«Un insegnante meraviglioso». Questa l’espressione ricorrente nelle testimonianze ascoltate a Palazzo Galli (Sala Panini) durante la tavola rotonda – coordinata dalla prof. Valeria Poli – con gli ex allievi di Giacomo Bertucci, organizzata dalla Banca di Piacenza dell’ambito delle manifestazioni collaterali alla mostra dedicata al pittore piacentino e allestita nello stesso Palazzo Galli (sono gli ultimi giorni per visitarla, chiude infatti domenica 19 gennaio).
Nel presentare i relatori, la prof. Poli ha sottolineato l’importante ruolo svolto in ambito culturale dalla Banca sul territorio d’insediamento senza gravare sulla comunità e ripercorso le tappe della formazione di Bertucci: il diploma di geometra (nel 1922, quando il Tramello era un indirizzo del Romagnosi); la frequentazione dell’Istituto Gazzola, allievo di Ghittoni, nel 1922-23 (istituto dove tornerà da insegnante nel 1967 e fino al 1980), e dell’Accademia di belle arti di Brera dal 1931 al 1935, allievo di Aldo Carpi.
“A Milano insegnò figura disegnata per 22 anni (dal 1951 al 1973) al Liceo artistico di Brera, dove aveva avuto tra i suoi allievi Franco Scepi. «Fu mio insegnante di ornato nel rivoluzionario clima milanese degli anni Cinquanta – ha confermato il regista piacentino – e lo ricordo come un professore estremamente silenzioso ed un pittore molto legato al bel disegno, che rifiutava le avanguardie storiche”.
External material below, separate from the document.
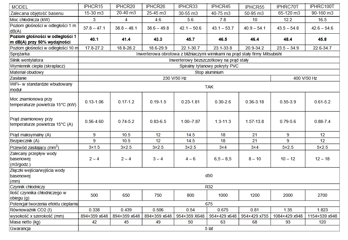 Dobór odpowiedniej pompy ciepła Inverter-Plus IPHCR dokonywany jest na podstawie objętości basenu, zgodnie ze wskazówkami z tabeli „Dane techniczne”.

Gli altri ex allievi hanno tutti frequentato l’Istituto Gazzola. «Ho del professor Bertucci ricordi meravigliosi – ha testimoniato il fotografo Maurizio Cavalloni -. Fu determinante nella mia vita lavorativa. Ho frequentato il Gazzola per 5 anni da studente-lavoratore: al sabato e alla domenica andavo infatti allo Studio Croce. Poi Bertucci mi trasmise un tale entusiasmo (disegnava e dipingeva in mezzo a noi rapidissimo, era in grado di realizzare un quadro in mezz’ora) che presi la decisione di fare il pittore, comunicando che non sarei più andato a dare uno mano allo studio fotografico. Croce parlò con il professore, che mi convinse invece a fare il fotografo, anticipandomi che Croce mi avrebbe lasciato poi l’attività. E così è stato».
Il pittore Valter Lusardi ha dal canto suo definito «fondamentale» Giacomo Bertucci per la sua formazione artistica: «Creava entusiasmo tra i suoi allievi – ha proseguito – lavorando insieme a noi. Era molto interessato amio modo di disegnare e mi spronava a intraprendere il mestiere dell’artista. Mio padre non voleva facessi il pittore e per un periodo smisi di disegnare. Incontrai il professor Bertucci dopo il servizio militare a una personale da Braga. Mi abbracciò e mi incitò di nuovo. E’ grazie a lui se ora mi ritrovo a fare l’artista».
«Mi ha insegnato a dipingere ad olio – ha raccontato Francesco Rossi – facendomi apprendere la tecnica degli impressionisti. E’ stato un periodo molto bello quello del Gazzola. Per tutta la mia vita lavorativa ho sì tenuto in mano la matita, ma come disegnatore meccanico. Dal 2004 ho iniziato a dipingere facendo tesoro, anche a distanza di tanto tempo, dei consigli del mio maestro Bertucci».
«E’ stato mio professore per due anni – ha spiegato la scultrice e ceramista Giuseppina Vey – ed ha acceso in me la passione per il disegno e per l’arte, lasciandomi moltissimo. Mi ha fatto imparare come si affronta un foglio bianco, in modo serio ma non altezzoso. Correggeva, ma non mortificava. E’ stato un insegnante meraviglioso, unendo determinazione e dolcezza».
Il figlio del pittore, Rinaldo, ha ringraziato tutti i relatori (ai quali è stata consegnata una pubblicazione della Banca in ricordo della serata): «In queste vostre testimonianze di stima da ex allievi – ha osservato – ho sentito rivivere mio padre, cosa che fino ad ora avevo potuto fare solo attraverso i suoi quadri. Mio padre rivive anche in voi». Il dottor Rinaldo Bertucci ha concluso il suo intervento raccontando un simpatico aneddoto: «Mio nonno non voleva che mio padre facesse l’artista. Nel 1924 s’iscrisse allora al primo anno della Facoltà d’Agraria all’Università di Bologna. Ancora conservo i disegni dei suoi professori, che ritraeva durante le lezioni, per niente interessato agli argomenti trattati».